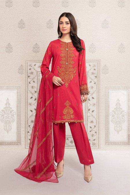 Maria B Red DW-EF22-32 Luxe Prets 2022 Original brand suit fabric and photography lite diffrance in actual print.
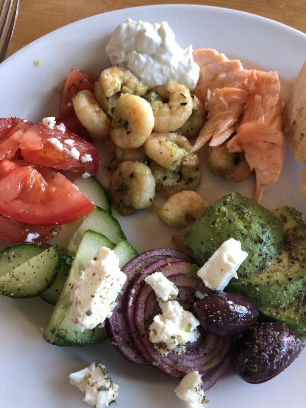 Zum Abendessen gab es Garnelen und Lachs vom Grill mit Bauernsalat, Avocado und eine, Rest Tzatziki von gestern
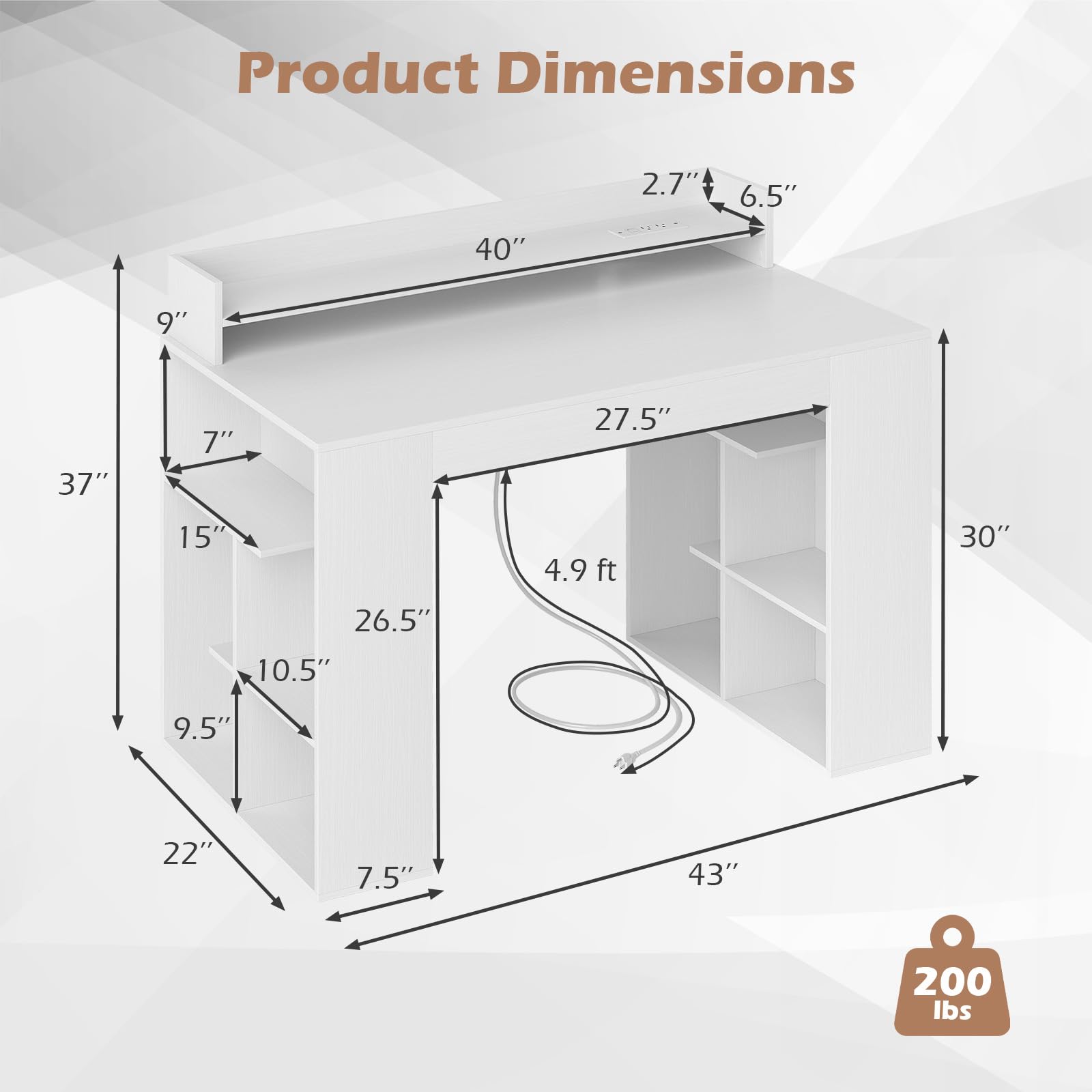Transform Your Workspace with Our Ultra-Modern Essentials Desk! Sick of tangled wires and cluttered spaces? Say hello to seamless productivity with our desk's built-in power strip - goodbye messy cords! Dive into order with stylish dual 3-tier bookcases, ideal for everything from books to sundries. Plus, boost your comfort with the elevated shelf that brings your monitor to the perfect eye-level, easing your workdays. Crafted for endurance from top-tier materials and designed with a sleek, modern look, this desk fits effortlessly into any room. Upgrade your home office or dorm today - a neater, more stylish workspace awaits!

-=-=-

Work instructions
Retype the full listing above precisely. Exclude each picture you find in it.

Solution to the problem
 Maria B Red DW-EF22-32 Luxe Prets 2022 Original brand suit fabric and photography lite diffrance in actual print.
 Zum Abendessen gab es Garnelen und Lachs vom Grill mit Bauernsalat, Avocado und eine, Rest Tzatziki von gestern
Transform Your Workspace with Our Ultra-Modern Essentials Desk! Sick of tangled wires and cluttered spaces? Say hello to seamless productivity with our desk's built-in power strip - goodbye messy cords! Dive into order with stylish dual 3-tier bookcases, ideal for everything from books to sundries. Plus, boost your comfort with the elevated shelf that brings your monitor to the perfect eye-level, easing your workdays. Crafted for endurance from top-tier materials and designed with a sleek, modern look, this desk fits effortlessly into any room. Upgrade your home office or dorm today - a neater, more stylish workspace awaits!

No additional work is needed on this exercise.